Perimeter and area of a rectangle
A rectangle is a quadrilateral with two pairs of parallel sides at right angles to each other. The key measures of a rectangle are length and width.
The area and perimeter of the rectangle can then be calculated by
\[\text{Perimeter}=2l+2w=2(l+w)\]
\[\text{Area}=l\times w\]
Where:
- \(l\) is the length of the rectangle
- \(w\) is the width of the rectangle
Perimeter and area of a trapezium
A trapezium is a a quadrilateral with a pair of parallel sides. The key measures of a trapezium are the side lengths, and the height.

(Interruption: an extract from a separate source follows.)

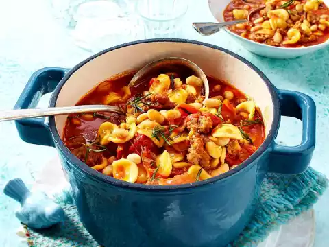Put the beans in a sieve and rinse with cold water. When the noodles are cooked, add the beans and briefly heat the stew. Season to taste with salt and pepper and serve.

The area and perimeter of the trapezium can then be calculated by
\[\text{Perimeter}=a+b+c+d\]
\[\text{Area}=\frac{h}{2}(a+b)\]
Where:
- \(a\) and \( b\) are the lengths of the parallel sides of the trapezium
- \(c\) and \(d\) are the lengths of the other sides
- \(h\) is the height of the trapezium
The formula for the area of the trapezium is derived from the sum of the areas of the rectangle and the areas of the triangles that make up the trapezium. We know the area of the triangles can be calculated as \(2 \times \frac{1}{2}\text{base}\times\text{height}\), and that the base of each triangle can be found by \(\frac{b-a}{2}\), and the width of the rectangle is \(w=h\). Therefore
\(\begin{align} \text{Area of the trapezium} &= 2\times \dfrac{1}{2}\left(\dfrac{b-a}{2} \times h\right)+a\times h \\ &=h\left(a+\dfrac{b-a}{2}\right) \\ &=h\left(\dfrac{2a+b-a}{2} \right) \\ &=\dfrac{h}{2}(a+b)\end{align}\)
Worked Example
An isosceles trapezium is formed by joining two right-triangles with side lengths of \(3, 4\) and \(5\text{ cm}\) at each end of a \(4\text{ cm}\) by \(10\text{cm}\) rectangle as shown in the diagram below:
Calculate the perimeter and area of the trapezium.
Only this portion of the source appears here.